# CMSC 35440 Machine Learning in Biology and Medicine
## Homework 2: Cancer Site Classification from Histopathology Features
**Released**: Jan 26,2026

**Due**: Feb 2,2026 at 11:59 PM Chicago Time on Gradescope

**In this homework, you'll explore embeddings of histopathology image features for three different cancer types.**

This assignment is inspired by the [Cancer Site Classification](https://github.com/zhangrenyuuchicago/CancerSiteClassification) project by Renyu Zhang, which demonstrates how deep learning can be used to classify cancer types from histopathology whole slide images (WSI). The original project uses Inception-V3 to extract features from image tiles and trains a classifier to distinguish between colorectal adenocarcinoma (COAD) and uterine corpus endometrial carcinoma (UCEC). However, that approach requires GPUs, downloading large slide files, and significant computational resources.

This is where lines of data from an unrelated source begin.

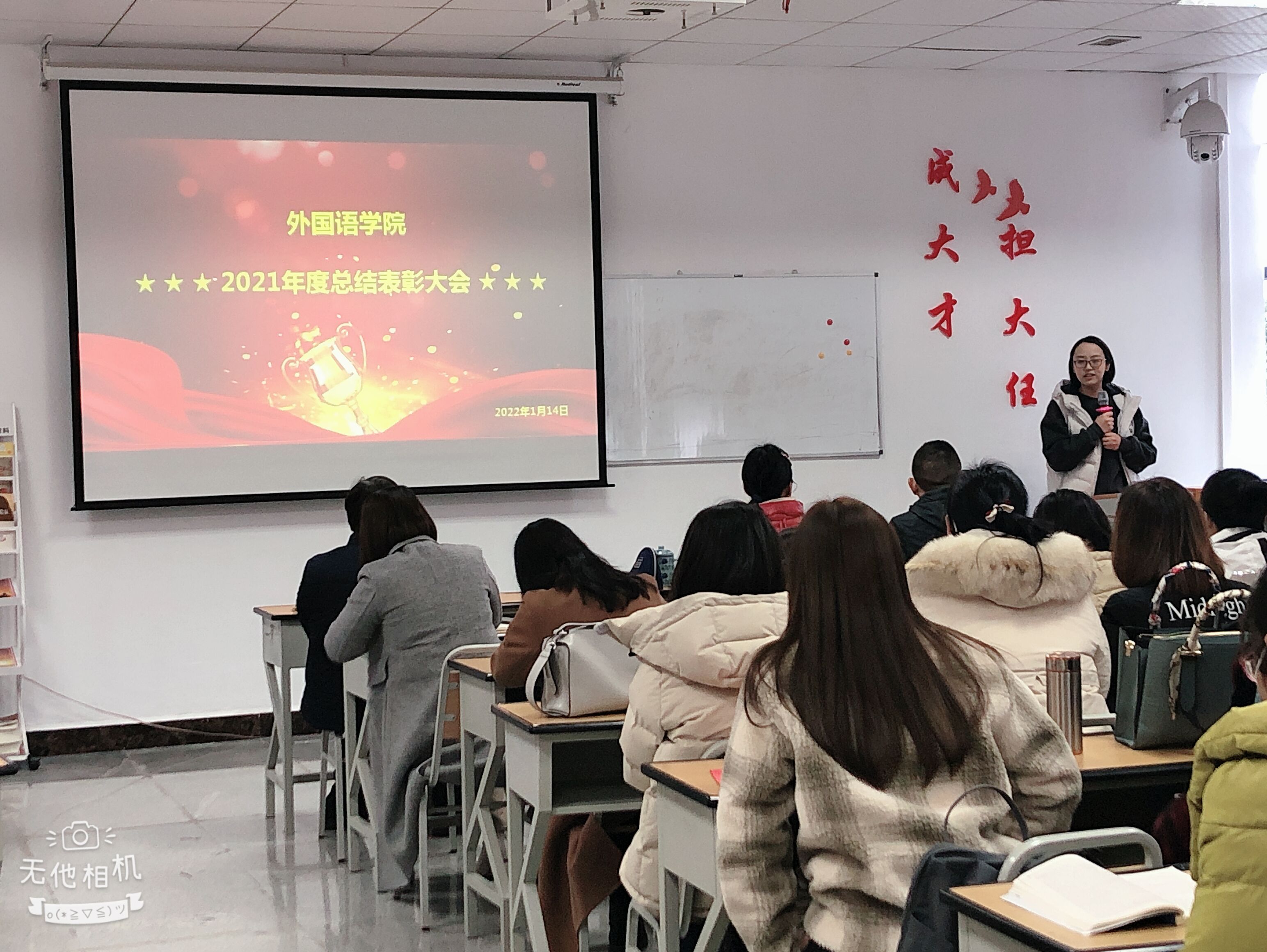 最后院长王梅围绕学科教学、学科与科学研究、师资队伍建设、学生服务管理以及存在的问题五个方面,就学院2021年度高质量发展情况做了总结发言,并为学院2022年的发展指明了前行路径。会议尾声,院长王梅鼓励受表彰的集体、个人在新的一年里立足新起点、再创新辉煌,同时希望全院教职工向优秀学习、向先进看齐,当好主人翁,凝心聚力,共同参与学院共建,促使学院各项工作再上一个新台阶。总结表彰大会在大家热烈的掌声中落下帷幕。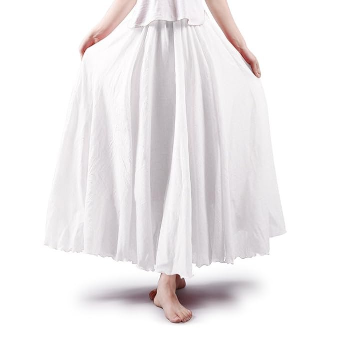 Women’s Bohemian Gypsy Elastic Waist A Line Cotton Linen Long Maxi Skirt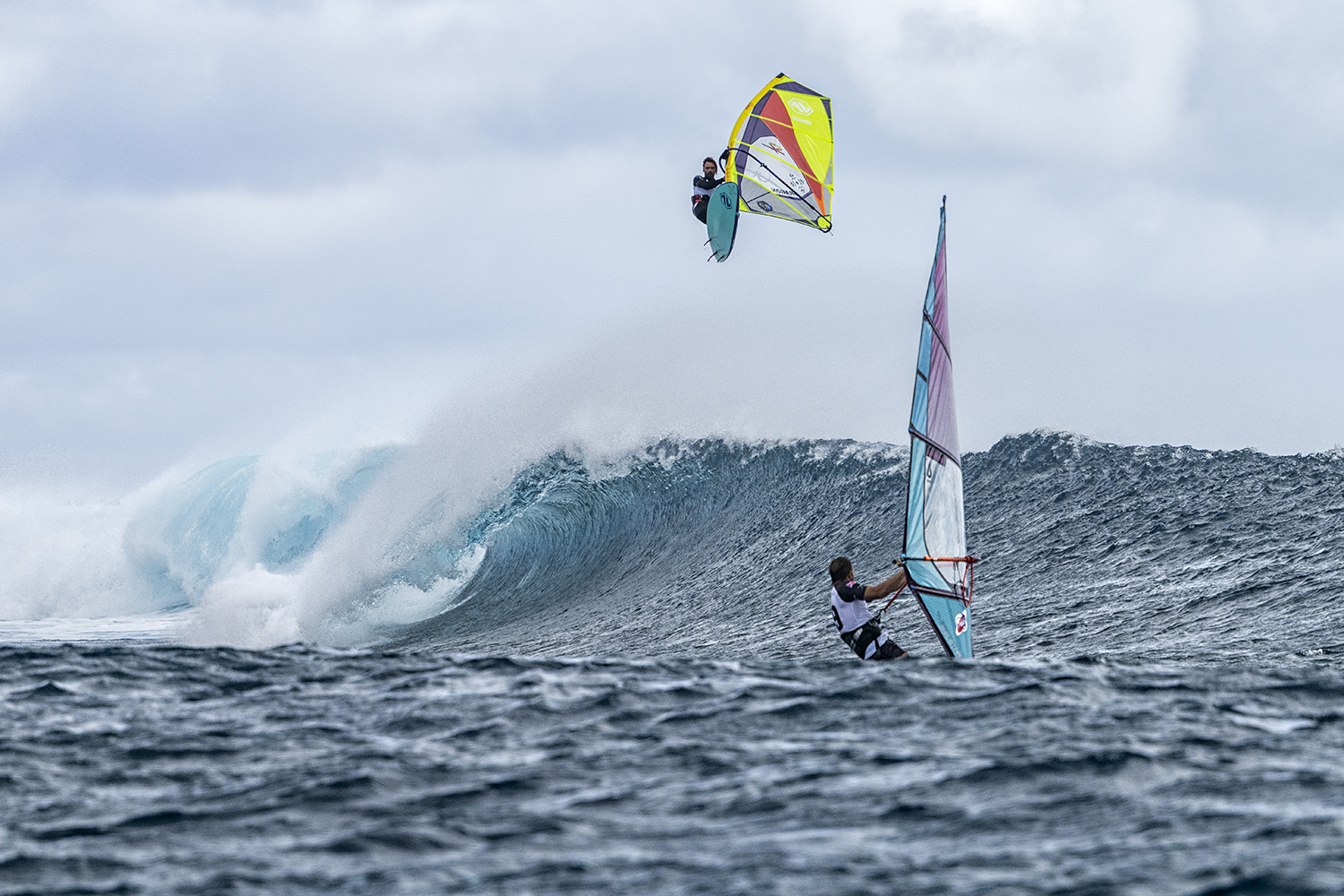 The best-case scenario is to be able to surf a wave before you windsurf it and this was a very important acclimatisation for all the competitors who hadn’t ridden there before. The wave looks like it is coming from the clouds as it descends on the upper part of the reef and my fellow friends and I were able to trade epic rides. The anticipation grew as we saw wind creeping into the forecast and another series of swells incoming.

In this homework, we adapt the same core concept—cancer site classification from histopathology—but make it accessible for homework by using **pre-extracted features** from a modern vision transformer (UNI2-h). This allows us to focus on the downstream analysis: understanding how different cancer types cluster in feature space, visualizing embeddings, and analyzing model behavior—all without requiring GPUs.

We'll work with three distinct cancer types:
- **Diffuse large B-cell lymphoma (DLBC)**: The most common type of non-Hodgkin lymphoma, originating from B-cells in the lymphatic system.
- **Cholangiocarcinoma (CHOL)**: A rare but aggressive cancer that originates in the bile ducts, which carry bile from the liver to the small intestine.
- **Uveal melanoma (UVM)**: A rare cancer that develops in the uvea (the middle layer of the eye), which includes the iris, ciliary body, and choroid.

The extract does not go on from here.